More than 1,000 cyclists pedaled near Fashion Island on Sunday in memory of two riders who died last month after being hit by cars.
The 1-mile ride, which started on the northwest corner of Santa Rosa and Newport Center Drive at 8 a.m., aimed to spread awareness about and raise money for bicycle safety, as well as commemorate Dr. Catherine "Kit" Campion Ritz and Sarah Leaf.
Riders of all ages participated.
"I'm a cyclist, and I see a lot of need for safety around Irvine, Costa Mesa and Newport Beach," said Kurt Bahneman of the OCC Food Riders Club.
Friends and colleagues of Campion Ritz and Leaf also participated.
"It's good that we can come together for Kit and Sarah and raise awareness for bike safety," said Jennifer Wilson, a physician's assistant at Newport Family Medicine, who worked with Campion Ritz. "She was the quintessential family practice doctor. Losing her was a huge loss to the community."
A truck struck and ran Leaf over near East Coast Highway and Bayside Drive on Sept. 14. The truck's driver remained at the scene but wasn't cited, according to police.
Campion Ritz was killed in a hit-and-run accident a day later along Newport Coast Drive, according to police.
The Orange County district attorney's office charged Michael Jason Lopez, 39, of Anaheim, with one felony count of hit-and-run causing death and one misdemeanor count of vehicular manslaughter without gross negligence. He pleaded not guilty Sept. 28.
David W. McGill, deputy chief and patrol/traffic division commander of the Newport Beach Police Department, said cyclists and motorists alike should know the rules of the road.
"The streets were made for cars," he said. "There's no getting around that. But our goal right now is education. This event, and events like this, is going to help educate the public, not only the motorists but also the bicyclists. People have got to know the rules of the road and what bicyclists can and can't do. This is one event of many that are going to be coming up in the city."
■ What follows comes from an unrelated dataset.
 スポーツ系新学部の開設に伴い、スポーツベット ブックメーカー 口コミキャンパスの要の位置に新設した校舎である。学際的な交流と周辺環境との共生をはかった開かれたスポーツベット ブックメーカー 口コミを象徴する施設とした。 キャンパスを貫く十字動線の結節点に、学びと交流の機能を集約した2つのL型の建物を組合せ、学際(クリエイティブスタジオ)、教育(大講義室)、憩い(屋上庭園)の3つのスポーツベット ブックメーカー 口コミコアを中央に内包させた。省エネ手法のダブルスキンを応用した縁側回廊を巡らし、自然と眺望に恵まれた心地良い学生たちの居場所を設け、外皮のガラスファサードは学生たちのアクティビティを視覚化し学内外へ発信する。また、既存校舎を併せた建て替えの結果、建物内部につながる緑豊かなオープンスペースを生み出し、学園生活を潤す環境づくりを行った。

Newport Beach City Councilman Rush Hill said he believes the awareness level of cyclists and drivers has gotten better of late.
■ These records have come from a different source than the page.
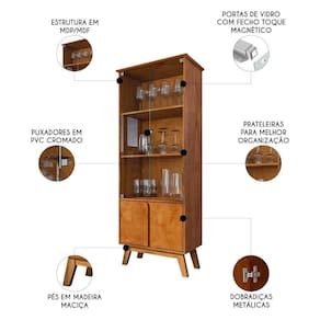 Cristaleira Porta de Vidro 70cm Pés Retrô Madri Naturalle - Bechara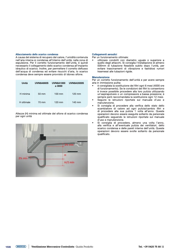 Altezze (H) minima ed ottimale del sifone di scarico condensa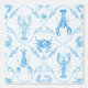 Watercolor lobsters, crabs, and seashells in soft light blue with a linen texture. A relaxed coastal design for preppy beach house style.

"Improved safety comes from those two entities understanding each other and showing compassion for one another," he said. "We can paint all kinds of things on roads and put all kinds of signs up, but until the individuals in the cars are aware of what's going on, and until the bicyclists follow the traffic laws, then safety will be even greater than it is today."
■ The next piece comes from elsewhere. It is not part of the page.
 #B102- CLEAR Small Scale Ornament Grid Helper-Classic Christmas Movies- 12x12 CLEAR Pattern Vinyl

Event co-organizer April Morris said she was surprised at the large turnout.
"I was expecting 500 people," she said. "I think this shows a real commitment on the part of the cyclists to help improve bicycle safety in Newport Beach."
At the end of the event, she said $53,000 was raised, and she anticipates reaching the $150,000 goal by the city's Dec. 31 deadline. The city will donate $3 for every $1 raised, up to $450,000.
"I think we've set something in motion that will be an awesome trend," she said.